Exercise brief -> Because the entries hold pictures, reproduce only their words, exactly as written.

Dataset entries ->

/---

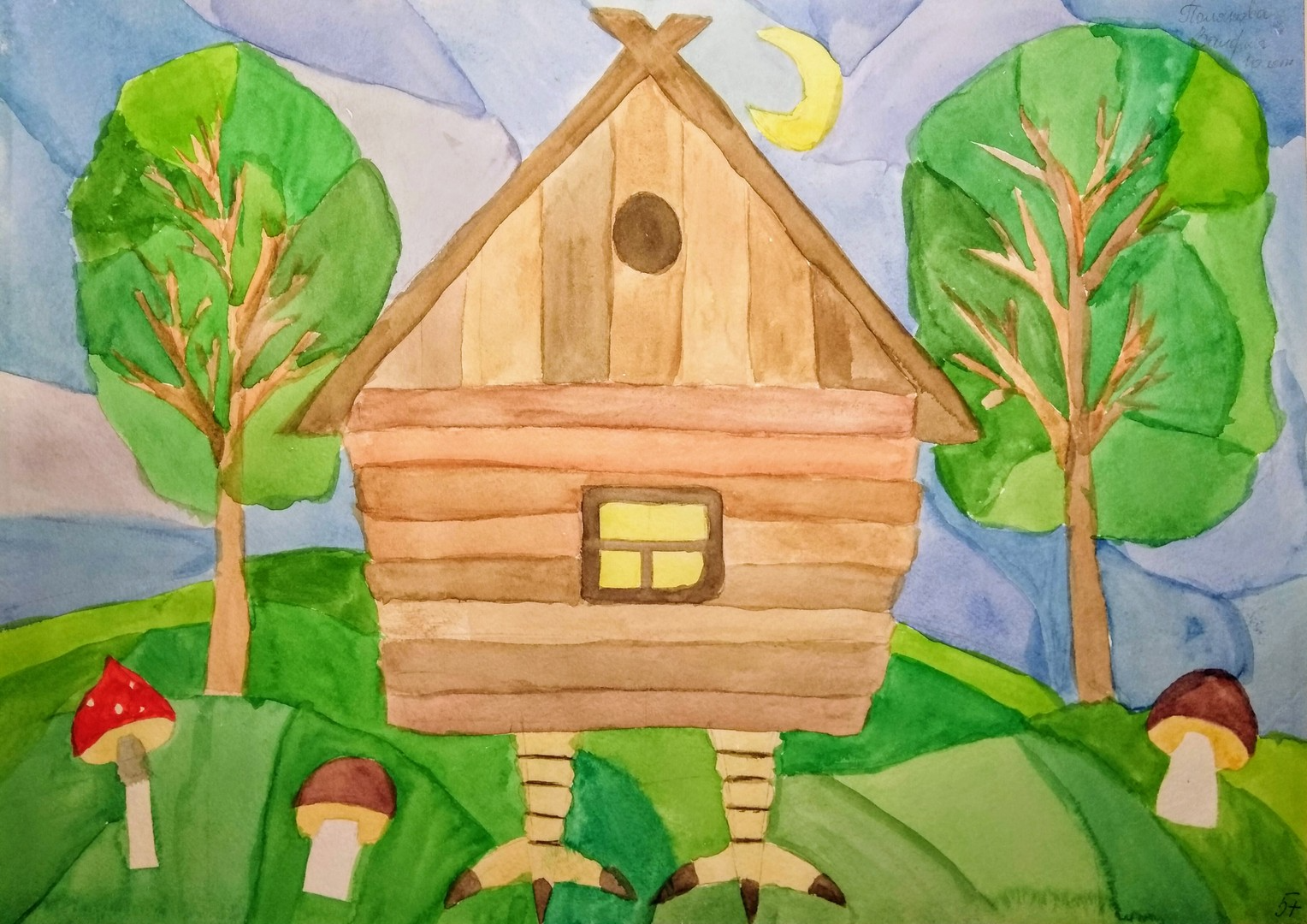 L'étape suivante consiste à dessiner une porte, une fenêtre avec des volets. L'étape suivante consiste à tracer des lignes sur les murs, c'est-à-dire des planches. Des cercles sont dessinés sur les bords de la cabane comme si tout était fait de rondins. Sur le toit, une cheminée avec de la fumée est dessinée. En bas, des pattes de poulet avec peau et écailles sont dessinées. Une habitation de conte de fées est créée.
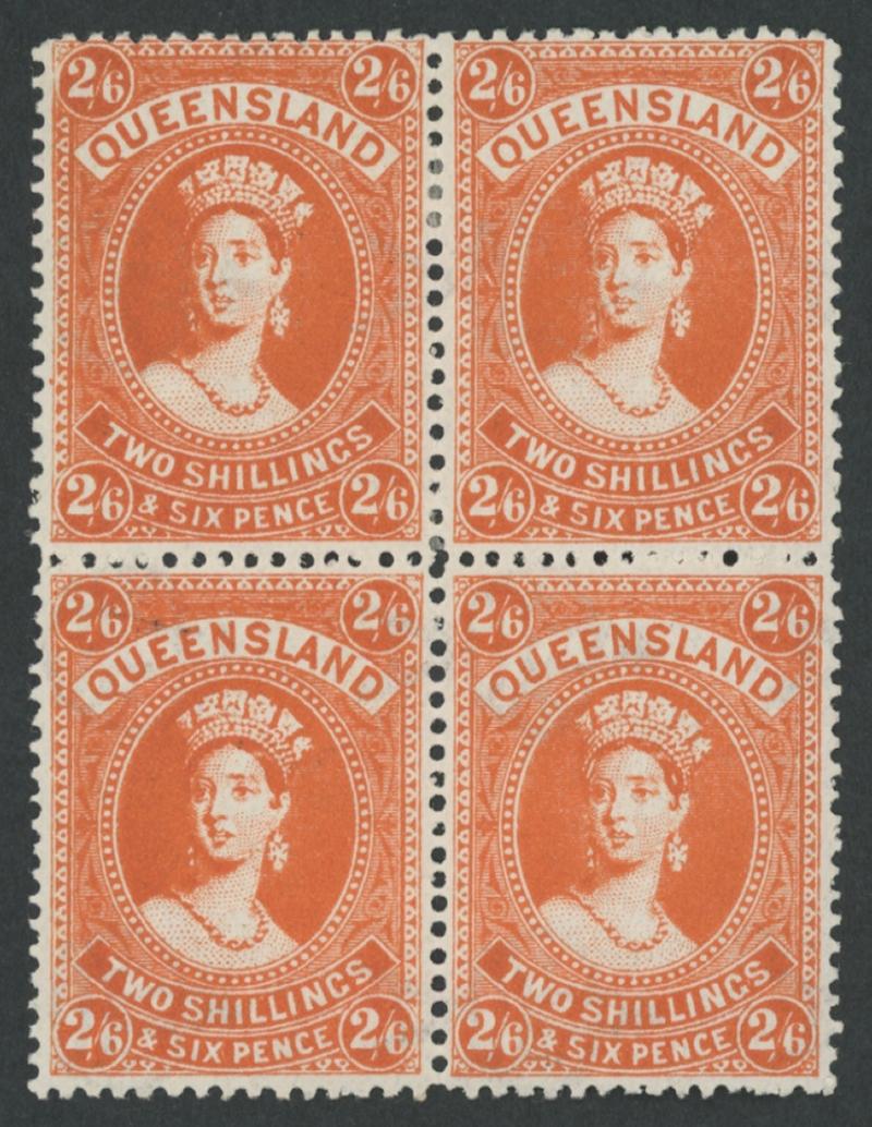 1907-11 QV Large Chalons Small Crown/A Watermark 2/6d bright vermilion ACSC Q55A (SG 309) block of 4, well-centred, the lower units
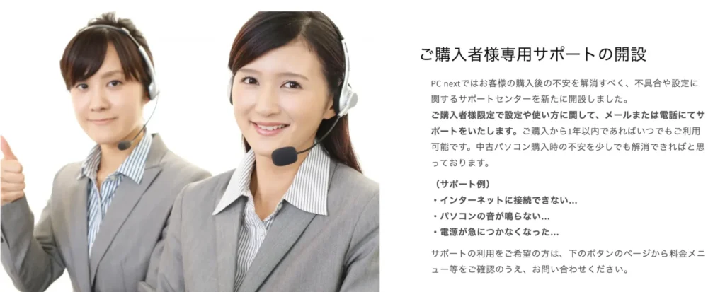 >>PC nextの1年間保証とサポート体制を詳しく確認する
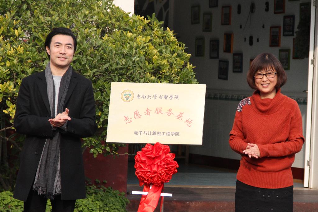 活动伊始,我院分团委书记宋奎老师代表我院领导班长对幼儿园在以往我院志愿活动的支持表示感谢,以及道出了对志愿者的希冀。接着在宋奎老师与王平园长揭开神圣金色的牌匾的那一刻,志愿者们觉得一年的志愿活动得到了肯定,同时志愿者们通过宣誓表达出了自己无私奉献,不怨不悔的决心。最后沿江中心幼儿园园长王平老师讲话中对我院志愿服务活动支持的话语也给志愿者们提供了力量。
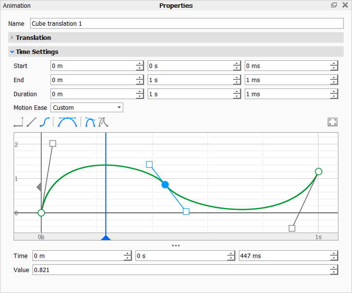 Kurven-Keyframes verfügen über Tangentengriffe, die manipuliert werden können, um den Übergang zu vereinfachen.
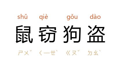 ⒈ 像鼠狗般的偷盗。比喻行为偷偷摸摸、盗窃小利的人。也作「狗盗鼠窃」、「狗偷鼠窃」、「鼠窃狗偷」。

\---

Solution for this exercise ->
 L'étape suivante consiste à dessiner une porte, une fenêtre avec des volets. L'étape suivante consiste à tracer des lignes sur les murs, c'est-à-dire des planches. Des cercles sont dessinés sur les bords de la cabane comme si tout était fait de rondins. Sur le toit, une cheminée avec de la fumée est dessinée. En bas, des pattes de poulet avec peau et écailles sont dessinées. Une habitation de conte de fées est créée.
 1907-11 QV Large Chalons Small Crown/A Watermark 2/6d bright vermilion ACSC Q55A (SG 309) block of 4, well-centred, the lower units
 >>PC nextの1年間保証とサポート体制を詳しく確認する
 活动伊始,我院分团委书记宋奎老师代表我院领导班长对幼儿园在以往我院志愿活动的支持表示感谢,以及道出了对志愿者的希冀。接着在宋奎老师与王平园长揭开神圣金色的牌匾的那一刻,志愿者们觉得一年的志愿活动得到了肯定,同时志愿者们通过宣誓表达出了自己无私奉献,不怨不悔的决心。最后沿江中心幼儿园园长王平老师讲话中对我院志愿服务活动支持的话语也给志愿者们提供了力量。
 Kurven-Keyframes verfügen über Tangentengriffe, die manipuliert werden können, um den Übergang zu vereinfachen.
 ⒈ 像鼠狗般的偷盗。比喻行为偷偷摸摸、盗窃小利的人。也作「狗盗鼠窃」、「狗偷鼠窃」、「鼠窃狗偷」。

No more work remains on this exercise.